How to add overlapping comments from HTML <span data-comment> and preserve all formatting in Aspose.Words for Java?

Hello!

I am working with Aspose.Words for Java.
I need to insert comments into a Word document based on HTML fragments with custom attributes.
However, I want to keep the original text formatting (bold, italics, lists, tables, etc.) from the HTML.
I receive HTML like this (this is the example with overlapping comments):

<span data-comment="discussion-uuid-1">1111</span>
<span data-comment="discussion-uuid-2">
    <span data-comment="discussion-uuid-1">2222</span>
</span>
<span data-comment="discussion-uuid-2">3333</span>'

What I’ve tried:
If I use builder.insertHtml(html, true) all formatting is preserved, but the <span data-comment=...> tags are lost, so I can’t add Word comments to the fragments after that.
If I manually parse the HTML and add comments by traversing the plain text, I lose all the HTML formatting.
I want to preserve original formatting and still add comments to the correct fragments.

It’s important that comments are created on arbitrary text fragments (not just whole paragraphs), and that the solution works with overlapping ranges.

Is there a way to process the HTML and insert comments to overlapping fragments while keeping all formatting?

Does Aspose.Words provide a recommended way to map formatted HTML fragment positions to Word document ranges, so I can programmatically add comments for each fragment?

Thank you very much!

@Liubei

To add overlapping comments from HTML <span data-comment> elements while preserving all formatting in Aspose.Words for Java, you can follow a structured approach. Here’s a step-by-step guide to achieve this:

  1. Parse the HTML: You need to parse the HTML to extract the text and the associated comment identifiers. This can be done using a library like Jsoup or a custom parser.

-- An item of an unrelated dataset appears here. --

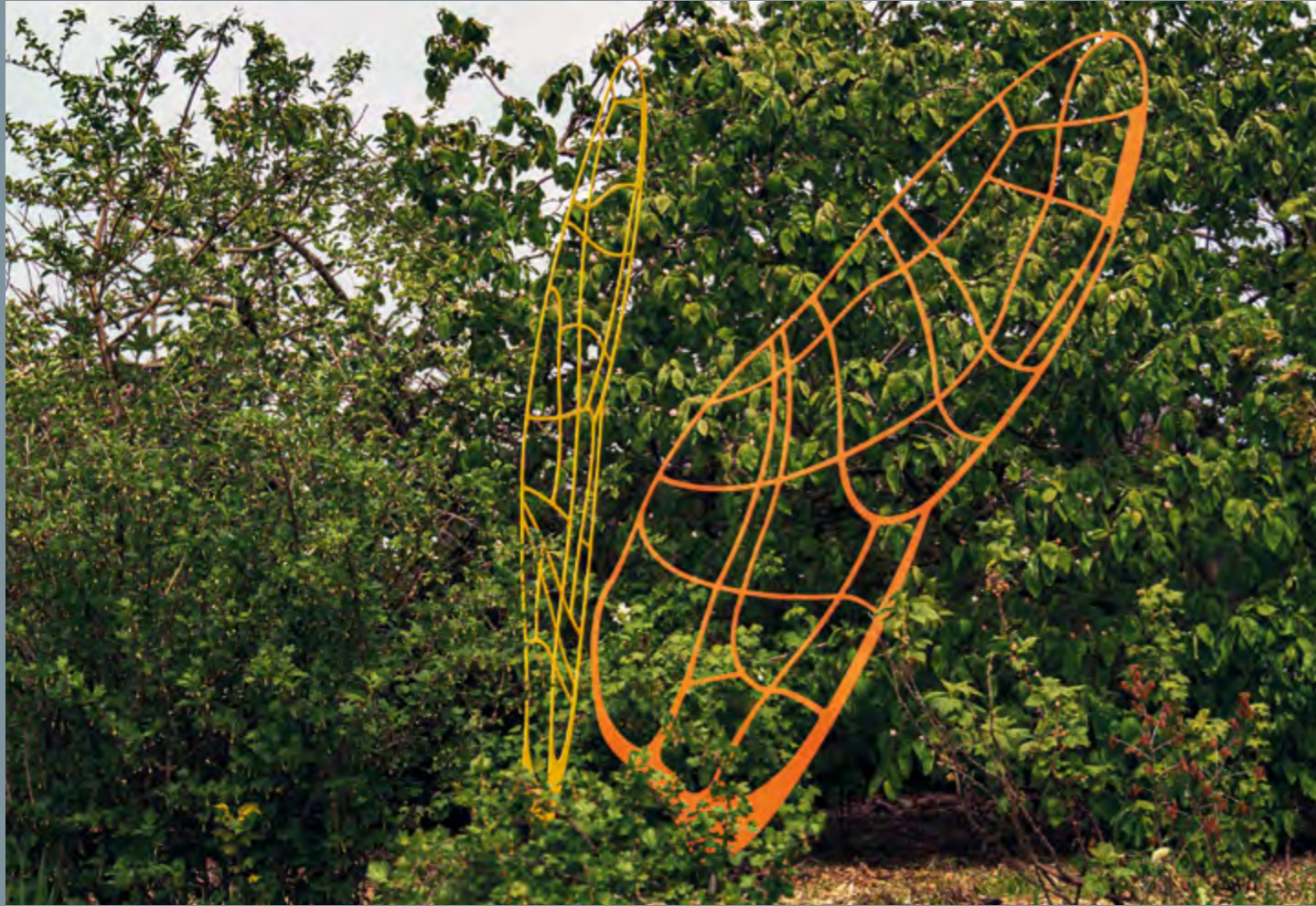
Søren Schaarup Nymphe 1 Nymphe 2

  2. Insert HTML with Formatting: Use the DocumentBuilder to insert the formatted text into the Word document. However, since builder.insertHtml(html, true) will lose the custom attributes, you will need to handle the insertion manually.

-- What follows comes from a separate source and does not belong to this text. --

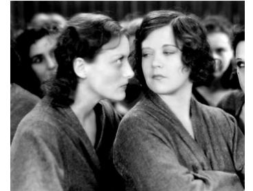
1930 IL FAUT PAYER (Paid) de Sam Wood avec Joan Crawford

  3. Create Comments: For each text fragment that corresponds to a <span data-comment>, create a comment in the Word document. You can use the Comment class to create comments and associate them with specific text ranges.

  4. Handle Overlapping Ranges: To manage overlapping comments, you will need to keep track of the start and end positions of each comment. Use CommentRangeStart and CommentRangeEnd to define the range for each comment.

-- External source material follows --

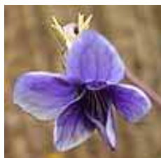
小さなスミレ 99.12.26 撮影

かりません。第二次大極殿の北隣にある内裏跡で、溝の石組の間に咲いていました。こんな養分の少なそうな場所でよくがんばって咲いているものだと思いましたが、溝掃除のときに容赦なく抜かれてしまいました。石組の間に植物の根がはびこることは遺跡保全のためには好ましくないのかも知れません。

Here’s a code example to illustrate this process:

import com.aspose.words.*;

public class AddCommentsFromHtml {
    public static void main(String[] args) throws Exception {
        Document doc = new Document();
        DocumentBuilder builder = new DocumentBuilder(doc);

        // Example HTML input
        String html = "<span data-comment=\"discussion-uuid-1\">1111</span>" +
                      "<span data-comment=\"discussion-uuid-2\">" +
                      "<span data-comment=\"discussion-uuid-1\">2222</span>" +
                      "</span>" +
                      "<span data-comment=\"discussion-uuid-2\">3333</span>";

        // Parse the HTML and insert text with comments
        // This is a simplified example; you would need to implement a proper HTML parser
        String[] parts = html.split("(?=<span data-comment=)|(?<=</span>)");
        for (String part : parts) {
            if (part.contains("data-comment")) {
                String commentId = part.substring(part.indexOf("data-comment=\"") + 14, part.indexOf("\"", part.indexOf("data-comment=\"") + 14));
                String text = part.replaceAll("<span data-comment=\"[^\"]*\">", "").replaceAll("</span>", "");

                // Insert text
                builder.write(text);

                // Create comment
                Comment comment = new Comment(doc, "Author Name", "AN", new Date());
                comment.getParagraphs().add(new Paragraph(doc));
                comment.getFirstParagraph().getRuns().add(new Run(doc, "Comment for " + commentId));

                // Define comment range
                CommentRangeStart start = new CommentRangeStart(doc, comment.getId());
                CommentRangeEnd end = new CommentRangeEnd(doc, comment.getId());

                // Insert comment range markers
                builder.getCurrentParagraph().getChildNodes().add(start);
                builder.getCurrentParagraph().getChildNodes().add(end);
                builder.getCurrentParagraph().getChildNodes().add(comment);
            }
        }

        // Save the document
        doc.save("OutputWithComments.docx");
    }
}

Key Points:

  • This example demonstrates how to parse HTML and insert comments while preserving formatting.
  • You will need to implement a more robust HTML parsing mechanism to handle various cases and nested spans.
  • Ensure that you manage the positions of comments correctly to avoid overlaps.

This approach allows you to programmatically add comments to specific text fragments while maintaining the original formatting from the HTML. If you have further questions or need additional examples, feel free to ask!

this approach will not work for overlapping comments.
In your code, the logic is essentially linear and does not support nesting or intersecting comment ranges.

@Liubei I am afraid there is no way to preserve custom HTML attributes while importing HTML fragment into Aspose.Words DOM.
Please note, Aspose.Words Document Object Model is designed to work with MS Word documents. HTML documents object model is quite different and it is not always possible to provide 100% fidelity after importing or exporting HTML document. Usually Aspose.Words mimics MS Word behavior when work with HTML documents.

Through upon exporting to HTML Aspose.Words writes special tags to preserve comments and their ranges. You can use the same approach. For example see the following documents:
html_with_overlapping_comments.zip (725 Bytes)
out.docx (10.8 KB)